2. By specifically addressing the long-term interests of society, the compact—if it were to be a contract or an agreement—should include representation from governments or civil society. By excluding representatives of (local) governments, intended beneficiaries, and civil society organizations, corporations are only expressing their intentions about society and not with it. There is no reason to assume that the long-term interests of society—as perceived by business—coincide with real societal interests.
3. The compact deserves praise for taking the SDGs as a useful roadmap to align societal and business interests. But whether stakeholders will be able to achieve this objective in daily practice remains to be seen. Take Bridge International Academies (BIA)—an acclaimed social enterprise that provides private primary education to more than 120,000 children in Kenya and Uganda, and is rapidly expanding to other countries. At first sight, BIA seems in perfect alignment with SDG number four: Ensure inclusive and quality education for all and promote lifelong learning. But while research shows that the Bridge approach to education leads to a significant positive effect in acquiring knowledge and skills in English and math, it has also received a lot of criticism. Instructors do not have adequate qualifications, according to Education International and the Kenyan National Union of Teachers, instructors do not have adequate qualifications, and classrooms do not provide an appropriate and safe learning environment. Illustrative of the debate is the critique of the World Bank investing $10 million in BIA, while making no investments in the public education system in Kenya or Uganda. This makes it hardly impossible for the government, critics argue, to level with the private company in terms of service delivery.

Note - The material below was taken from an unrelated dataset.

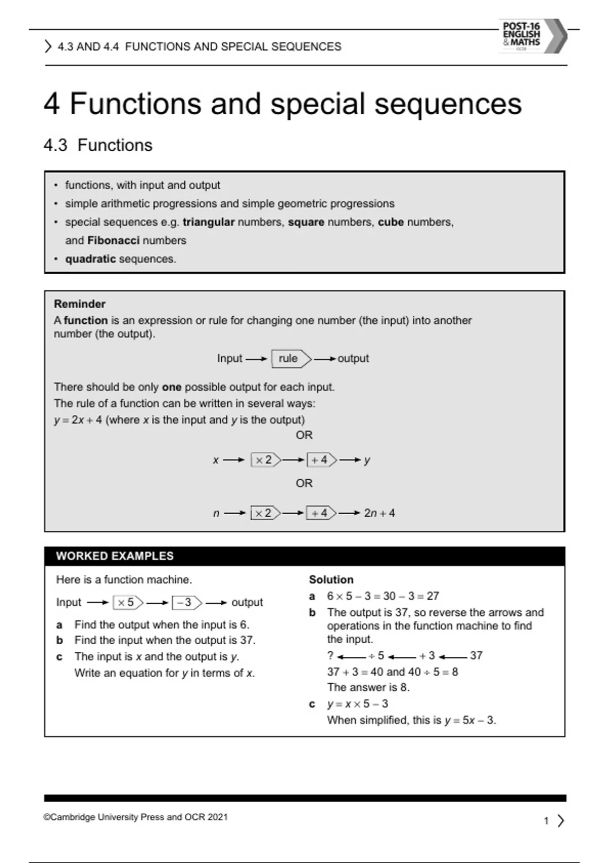 4.3 AND 4.4 FUNCTIONS AND SPECIAL SEQUENCES ©Cambridge University Press and OCR 2021 2 Exercise 1 1 Here is a function. x ÷ 4 + 9 y The input is x and the output is y. Write an algebraic equation for y in terms of x. 2 Write the equation that connects the input (x) with the output (y). a x square × 2 y b x × 2 square y 3 The diagram shows a sequence of patterns. Pattern 1 Pattern 2 Pattern 3 Pattern 4 a Work out the number of circles in Pattern 8. b Complete the rule. Pattern number × .... + .... number of circles c Which pattern number has 40 circles? 4 Here are the first four patterns in a sequence. a How many white circles will there be in pattern 10? b What is the expression for the number of white circles in pattern n? c Write an expression for the total number of circles in pattern n. input output input output 4.3 AND 4.4 FUNCTIONS AND SPECIAL SEQUENCES ©Cambridge University Press and OCR 2021 3 Reminder An arithmetic sequence (also known as an arithmetic progression) is a sequence where the difference between each term is constant. For example: 2 4 6 8 + 2 + 2 + 2 A geometric sequence (also known as a geometric progression) has terms that are multiplied or divided by a constant to get the next term in the sequence. For example, 2, 4, 8, 16 or 16, 8, 4, 2, 1, 5 a An arithmetic progression has an nth term Work out the first five terms of this progression. b A geometric progression has an nth term . Work out the first five terms of this progression. c The first 4 terms of a sequence are Is the sequence arithmetic or geometric? 6 For each of these sequences, state if it is arithmetic or geometric. a 2, 3, 4, 5, … b 1, 2, 4, 8, … c d 4.4 Special sequences Reminder You need to be able to recognise the following sequences: Fibonacci sequences, e.g. 1, 1, 2, 3, 5, 8, 13, ... The next term is found by adding the previous two terms. Quadratic sequences have nth term rules that contain . The sequence for triangular numbers is 1, 3, 6, 10, 15, ... It is made from the pattern below. The sequence for square numbers is or 1, 4, 9, 16, … The sequence for cube numbers is or 1, 8, 27, 64, …

The Institutional Business Council of the WEF deserves praise for bringing business leaders together around an agenda to support the creation of long-term societal value. But as Philips’ CLCs and Bridge International Academies demonstrate, achieving society’s long-term objectives requires that governments, local communities representing beneficiaries, and civil society organizations ought to take part. A contract or an agreement that aims to further the interests of society—guided by the SDGs—simply must have that same society at the table.
If the compact is intended to significantly contribute to the alignment of social welfare and a sustainable, long-term development of the economy, we need a new version that calls on corporate leaders, investors, governments, and civil society to jointly stimulate sustainable economic and social growth, a fair distribution of the proceeds of the economic activities, and an inclusive decision-making process that allows the intended beneficiaries to have a clear say in the development.
Harry Hummels is full professor in ethics, organizations, and society at Maastricht University and full professor in social entrepreneurship at Utrecht University. He worked for a main street bank and as director of responsible investing and impact investing for an institutional investor.